1. “To contribute to a TFSA, you have to be Canadian and over 18…”
    Just to make it clear:
    You have to be Canadian resident to use TSFA, not Canadian citizen.

    …and terms of residency are:

  2. Hit the nail on the head with this post! I have spoken with a lot of Canadians who are in the lowest tax bracket possible and still contributing to RRSPs. Like you said, it’s probably a good idea if their employer has a matching program but outside of that, you are not gaining very much besides the actual gains on your investments inside the RRSP. With the TFSA being at the point where you can pretty much contribute $100 a week to it, I usually tell them to max this out first, and then contribute to RRSPs. It just makes more sense. Save up that RRSP contribution room for when you are in a higher tax bracket. This has multiple effects, one being you will receive more money back when you file your taxes, and secondly, you will actually have a net gain when you pull it out in retirement.

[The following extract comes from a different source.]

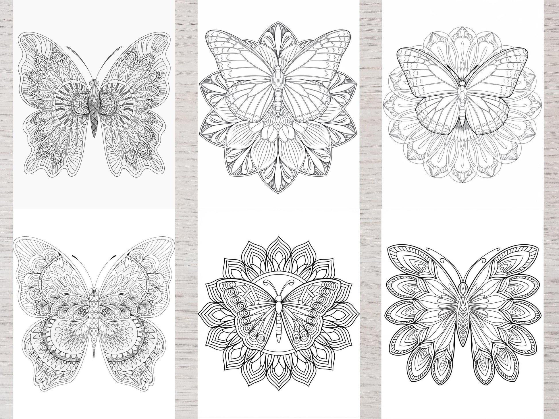 "Páginas para colorear de mandalas / Mandalas imprimibles en PDF para adultos / Diseños de mariposas y flores"

  3. This is a very informative post Sarah. I think that by knowing the ins and outs of these accounts it will allow people to understand and take advantage of the benefits that these accounts provide.

    For me personally, I always maximize my RRSP limit every year, then I would use the tax refund to maximize TFSA. Over a ten year period, these disciplined saving habits resulted in a net worth of over $1M. I would encourage all CBB readers to take advantage of these benefits.